As the ChIP-seq data also suggested preferential Notch regulation by MTGR1, and because we previously determined that the secretory lineage deficiency observed in the Mtgr1−/− intestine was rescued by Notch inhibition24, we next determined if Notch signaling was perturbed in Mtgr1−/− tumors. As active Notch signaling will increase absorptive enterocyte production at the expense of secretory lineages, we stained tumors with periodic acid Schiff (PAS) to identify goblet cells. Mtgr1−/− tumors had dramatically fewer intratumoral goblet cells, consistent with increased Notch signaling Apc1638/+;Mtg+/+ 120 ± 14.5 vs. Apc1638/+;Mtgr1−/− 39.4 ± 3.1, PAS positive cells per tumor HPF, Figure 4a). Supporting this hypothesis, IPA analysis of intratumoral RNA-seq data indicated activation of Notch signaling (Figure 4b). To confirm Notch activation, we performed qPCR for Muc2 and Cga, two Notch repression targets, and observed a 2-fold reduction in both in Mtgr1−/− tumors, further supporting increased Notch tone (Figure 4c). Analysis of Mtg16−/− tumors did not reveal Wnt or Notch hyperactivation compared to WT (Supplementary Figure 4).

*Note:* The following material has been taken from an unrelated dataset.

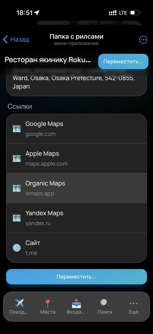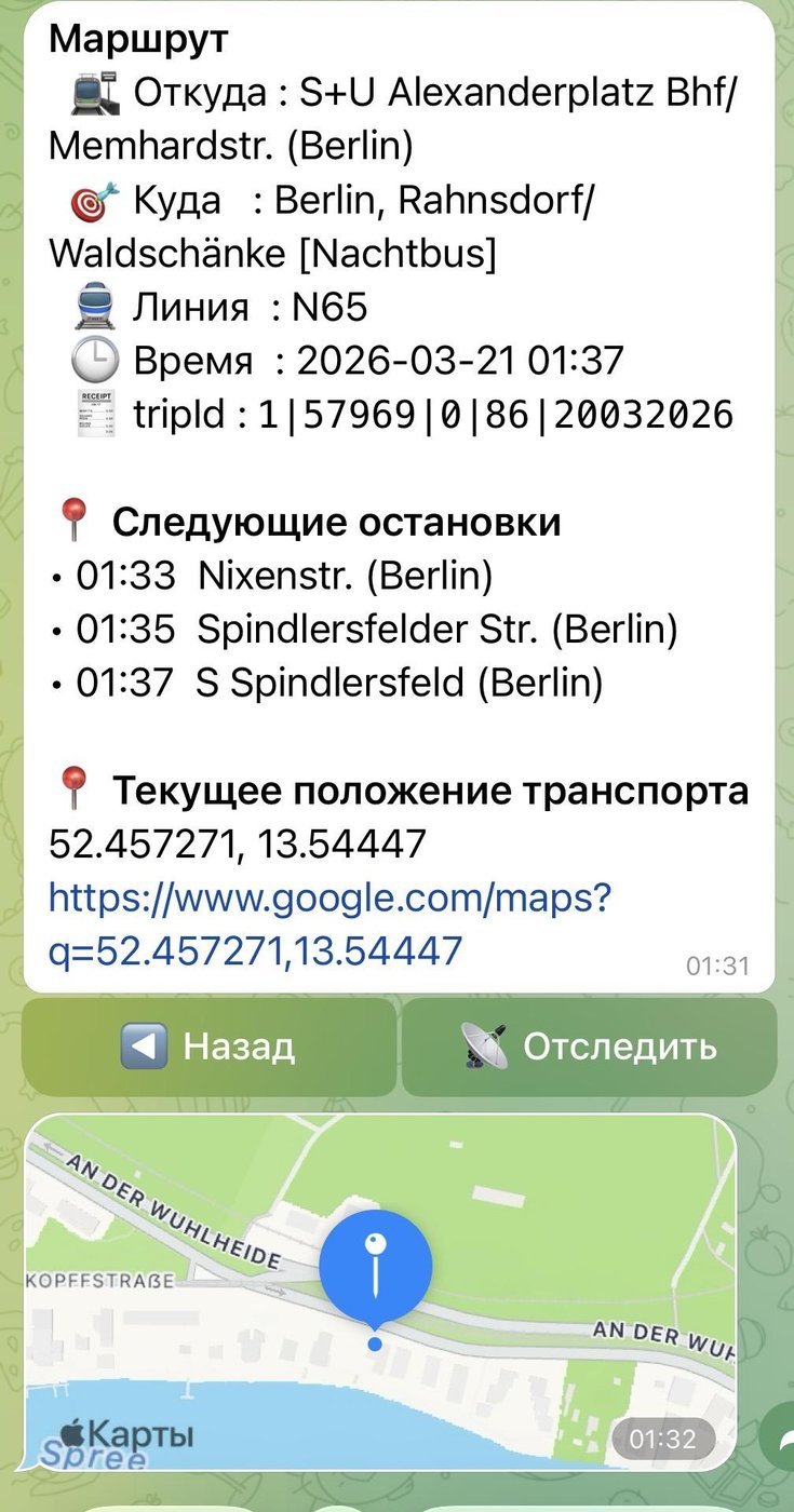 Также есть кнопочка "Отследить" которая в течение минутки будет ходить на API опрашивать обновления. Если транспорт отдаст новые координаты - то удалит старое сообщение с картой и зашлет новое

We next reasoned that if Wnt and Notch signaling were increased in Mtgr1−/− tumors, then cellular processes such as proliferation and apoptosis should be affected. We measured intratumoral proliferation by immunohistochemical staining for phosphohistone H3 and apoptosis by TUNEL staining and observed increases in both indices in Mtgr1−/− tumors (pH3: Apc1638/+;Mtg+/+ 76 ± 7.4 vs. Apc1638/+;Mtgr1−/− 139 ± 10.3 positive cells per tumor HPF and TUNEL: Apc1638/+;Mtg+/+ 26 ± 3.3 vs. Apc1638/+;Mtgr1−/− 50 ± 3.5 positive cells per tumor HPF) (Figure 5). These data support the hypothesis that MTGR1 is a coregulator of Notch and Wnt signaling.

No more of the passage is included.